What I Hate About Republicans — Intro (Part 2)

So I’m coming back to this series of blogs discussing what I hate about Republicans discussing one point in each blog.  At some point, I plan to move on to what I hate about Democrats, politics in general, and the media (probably sometime in the fall of 2071 at this rate :().  What I initially expected to be 3 or 4 subjects quickly expanded as I started giving the topic some thought.    I limited it to 10:

  1. Bigotry
  2. Voter Suppression
  3. Edification of Greed
  4. Anti-Americanism
  5. Dominionism
  6. Anti-Intellectualism
  7. Objectivism
  8. Extreme Nationalism
  9. Discrimination
  10. Austerity

Obviously, I could write a book on each and every topic–and maybe that’s something I will ultimately do.   The problem with blogging in such a partitioned way is the loss of context which I think is crucial to understanding what Republicans are trying to do.

A good example of this is an element of social conservative philosophy I–and others on the left–call the Fall From Grace theory.  For many social conservatives, the Founding Fathers are, like Christ and the Disciples (or Adam and Eve), fetishized archetypes representing the purity and apex of an ideal–an ideal from which, according to conservatives, we have strayed.  Having fallen from grace we need to “get back to our core values” in order to right the ship.

Sounds familiar, doesn’t it?  It should.  This is a key tenet of fundamentalism.

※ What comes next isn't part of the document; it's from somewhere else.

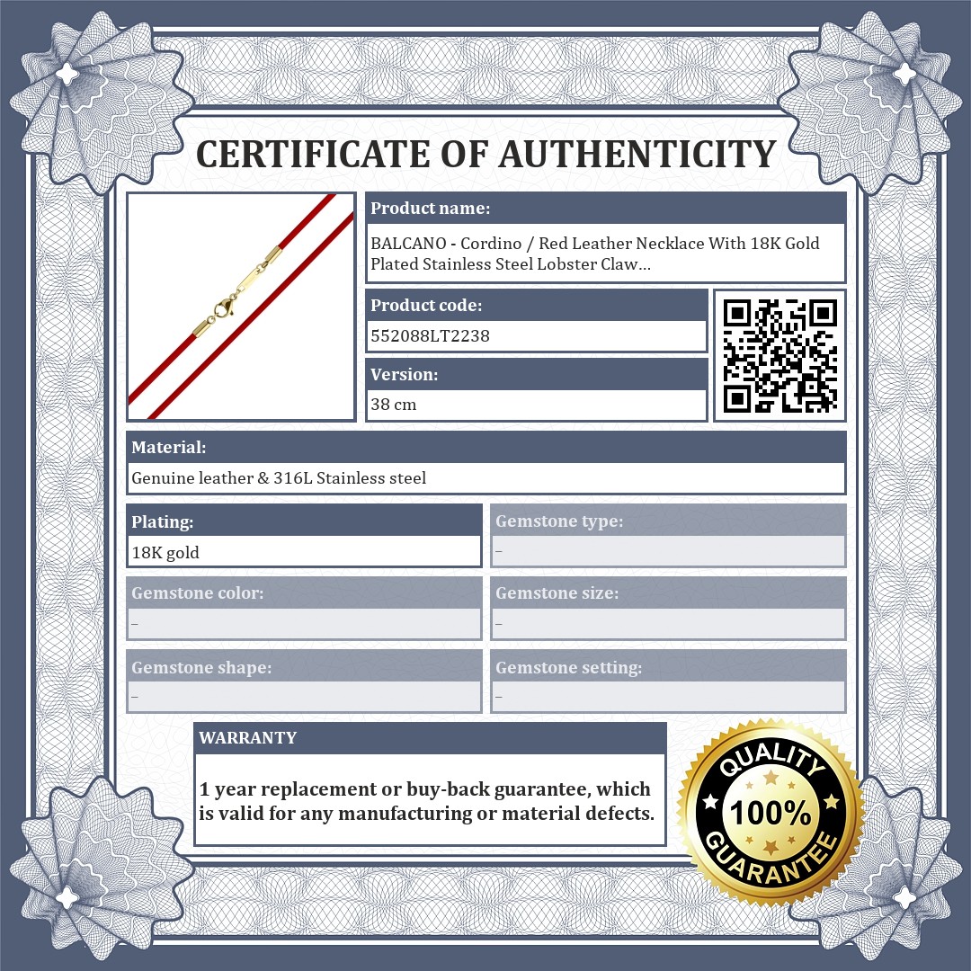 BALCANO - Cordino / Red Leather Necklace With 18K Gold Plated Stainless Steel Lobster Claw Clasp - 2 mm

Obviously this is a nonsensical concept since America’s values have been evolving constantly since our nation’s inception (see slavery, women’s suffrage, civil rights, etc.).  Nor were our founding Fathers of one unified mind.  Their greatness lies in their ability to bring such strong willed and brilliant men of wildly disparate opinions not only to accord but  an accord that still stands among the great achievements in political thought.   But Republicans don’t overly concern themselves about being historically accurate (I’m looking at you, Newt).  In fact, they outright oppose it.  Tea Party Republicans in Tennessee are fighting to have slavery–and the fact that many Founding Fathers owned them–removed from history books (And don’t even think about mentioning Thomas Jefferson’s jungle fever).  They don’t want anything that makes America ‘look bad’ being taught to children.

This is Orwellian propaganda at its unmitigated worst.

Yet the reasoning behind this philosophy is synergistic.   It incorporates several Republican/conservative ideologies that I am critical of including anti-Americanism, extreme nationalism, and Christian fundamentalism.  This is a crystal clear snapshot of their vision for America.  But when you break the actions down into parts, you can lose the image of the whole.

The Republican party needs to be exposed for what it is: a party of fear and hate.

Force conservatives to either admit to that fear and hatred or distance themselves from it.  And if you want make the argument that the Democratic party has titanic problems as well, I’ll be the first to agree with you.  But the Democrats aren’t pushing for more war in Iran and Palestine.  Democrats aren’t legislating against LGBT Americans’ right to marry.   Democrats aren’t trying to take reproductive and contraceptive rights away from women.    Democrats aren’t pushing stupid laws like Florida’s stand-your-ground self-defense law, which let Trayvon Martin’s killer walk away from the scene of the crime without arrest, murder weapon in hand.  Democrats aren’t trying to re-segregate schools in North Carolina, or take the truth out of American history classes, or science out of education.  Democrats aren’t trying to prevent Muslims from building mosques and practice their religion freely.

These are things we should be talking about.  I don’t want to lose the general idea of Republican lunacy because I keep fixing my nose to each little point.

‘Cause there is a lot to hate about today’s Republican party.